Il settore dei media si conferma anche in questa legislatura crocevia di fortissime tensioni politiche Le ipotesi di revisione della legge Gasparri circolate finora suggeriscono un approccio prudente da parte del governo. Si abbandona il Sic, passando a un sistema di misurazione basato sul fatturato che sopravvaluta le pay-tv e non incide sulla concentrazione degli ascolti in capo a due soli gruppi editoriali. Eppure il problema di pluralismo in Italia sta tutto lì. E la cura non può essere che la cessione sul mercato di una rete Rai e di una Mediaset.

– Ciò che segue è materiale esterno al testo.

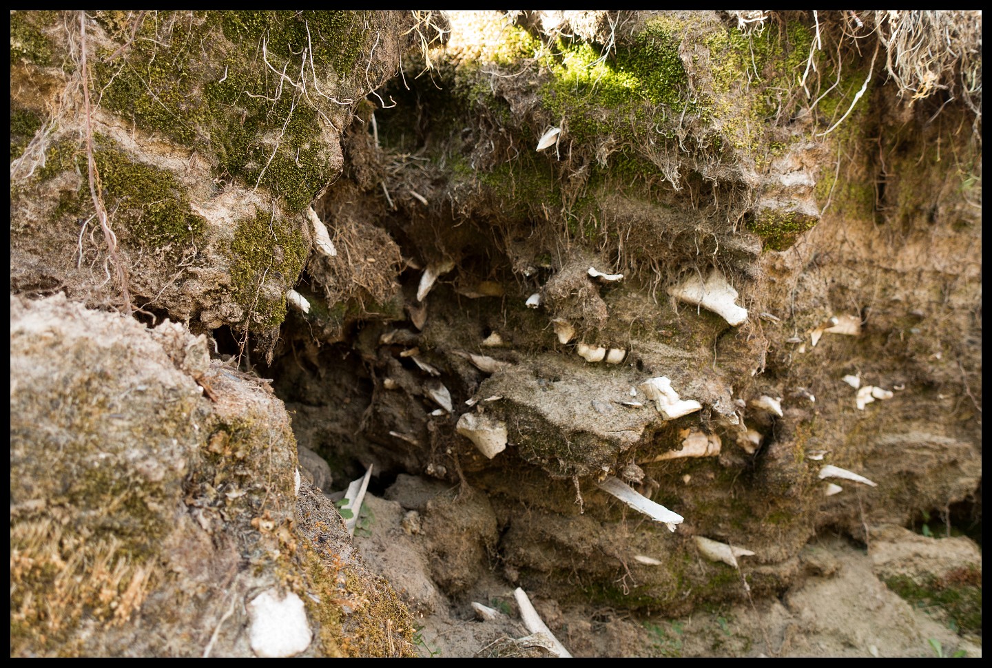 Layer upon layer of bone fragments, carbon-dated to 1450-1750 A.D., a time refered to as the "Little Ice Age".
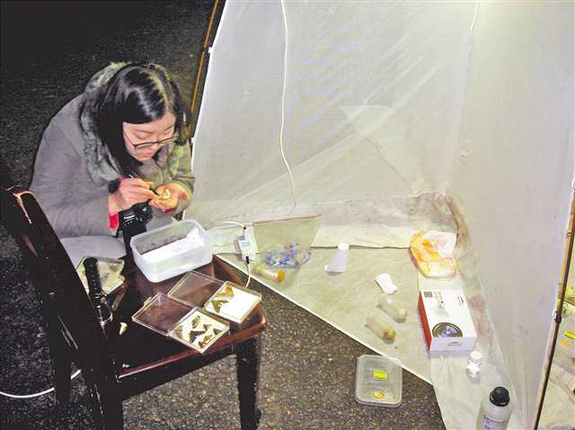“后来,我们把老师也‘忽悠’来了,要了一套专业灯诱设备,开始系统性地采集飞蛾。”她说,有了设备,两人隔三岔五就往山坳里跑,支起幕布、点亮汞灯,守到后半夜才收工。
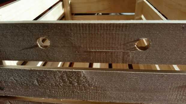 Encontrar el centro de la tabla superior en un panel del lado. Mida unos 5 cm a cada lado y perforar tan grueso como su cuerda náutica (mina era aproximadamente 1,2 cm).
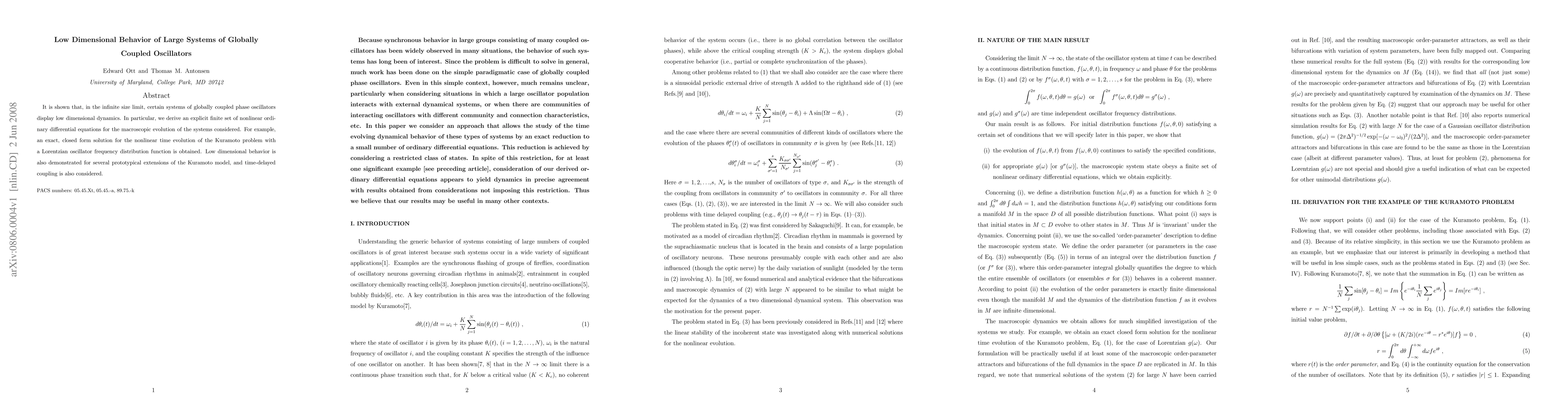 It is shown that, in the infinite size limit, certain systems of globally coupled phase oscillators display low dimensional dynamics. In particular, we derive an explicit finite set of nonlinear ordinary differential equations for the macroscopic evolution of the systems considered. For example, an exact, closed form solution for the nonlinear time evolution of the Kuramoto problem with a Lorentzian oscillator frequency distribution function is obtained. Low dimensional behavior is also demonstrated for several prototypical extensions of the Kuramoto model, and time-delayed coupling is also considered.
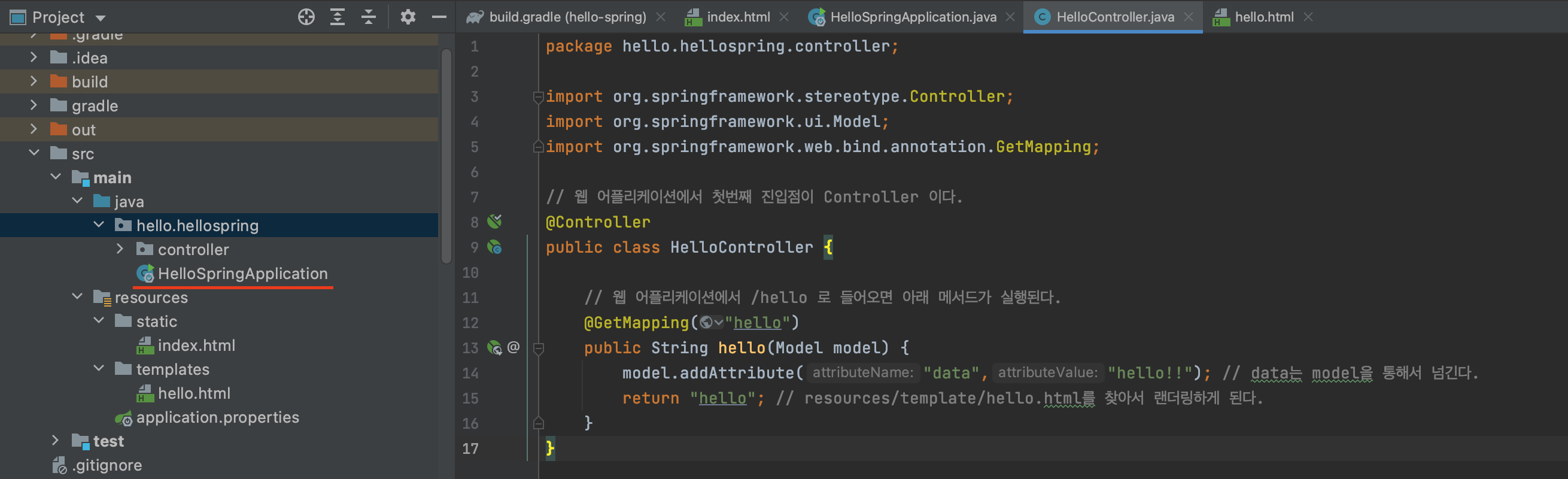 웹 어플리케이션은 Contoller를 통해서 화면이 나오는데 @Contoller 를 통해서 화면을 조회할수 있게 된다.

Il settore dei media si conferma anche in questa legislatura crocevia di fortissime tensioni politiche e difficile palestra per una riforma ragionata. Il governo ha mostrato in questi mesi una attitudine ondivaga nei confronti della Rai, tra tentazioni di intervenire in modo diretto nelle nomine e pudore a ripercorrere troppo fedelmente la triste esperienza delle liste di proscrizione che abbiamo conosciuto nella precedente legislatura.
Resta tuttavia il tema di fondo di una riforma degli assetti del sistema dei media che intervenga laddove la legge Gasparri ha mostrato le più evidenti lacune, peraltro facilmente prevedibili fin dal suo varo. A questo primo scenario si è associato prepotentemente il parallelo problema dello sviluppo dei settori delle telecomunicazioni e della situazione di Telecom Italia, che seguendo il processo della convergenza tra Tlc e media propone ulteriori punti di riflessione.

Da Gasparri a Gentiloni

Le ipotesi di riforma della legge Gasparri che sino ad oggi sono circolate suggeriscono un approccio prudente: l’abbandono del Sistema integrato delle comunicazioni (Sic), l’immenso contenitore entro il quale valutare l’esistenza di posizioni dominanti; il ritorno a una valutazione riferita ai singoli mercati e ai singoli media; l’utilizzo di un criterio di fatturato nel valutare dimensione dei singoli mercato e dimensione degli attori; la definizione di una soglia massima del 30 per cento nell’ambito del mercato televisivo. Silenzio sulla privatizzazione della Rai, silenzio sulla eventuale dismissione di reti e su analoghe misure per Mediaset.
Se questi sono gli orientamenti della maggioranza, va detto che alla finzione della legge Gasparri, coerente nella tradizione di disegnare leggi sulla televisione che fotografassero l’esistente, seguirebbe una serie di deboli correttivi del tutto in linea con la stessa tradizione.
Molte volte sulle colonne de lavoce.info abbiamo ripetuto che il problema di pluralismo in Italia si configura come un problema di concentrazione degli ascolti in capo a due soli gruppi editoriali. Se è così, la cura non può essere che una riduzione di tale concentrazione. Può il mercato, e in particolare lo sviluppo di nuovi canali, finanziati con pubblicità o a pagamento, ridistribuire la audience in modo meno concentrato?
La risposta che deriva sia dall’analisi economica che dall’esperienza dei mercati è negativa, almeno in orizzonte temporale ragionevole. Il meccanismo di competizione per la audience porta all’emergere di pochi canali vincenti, gli unici in grado di ripagare con i proventi pubblicitari gli alti costi di un palinsesto di successo. La storia di eterno settimino di TeleMontecarlo, poi La7, non è il frutto di incapacità imprenditoriale, ma del fatto che non c’è spazio, dalla competizione con due gruppi multicanale, per un terzo incomodo di peso.
Le pay-tv, oggi un attore importante con Sky che raggiunge 3,5 milioni di abbonati, sono in grado di raccogliere rilevanti fatturati, ma non incidono significativamente sulla audience media, al di là di pochi picchi in corrispondenza di eventi di particolare importanza. In questo senso anche lo sviluppo di piattaforme pay diverse da quelle oggi esistenti, e basate sulla banda larga, può sicuramente arricchire il ventaglio di possibilità aperte ai telespettatori, ma non modifica la questione sostanziale della concentrazione della audience in capo a due grandi gruppi editoriali.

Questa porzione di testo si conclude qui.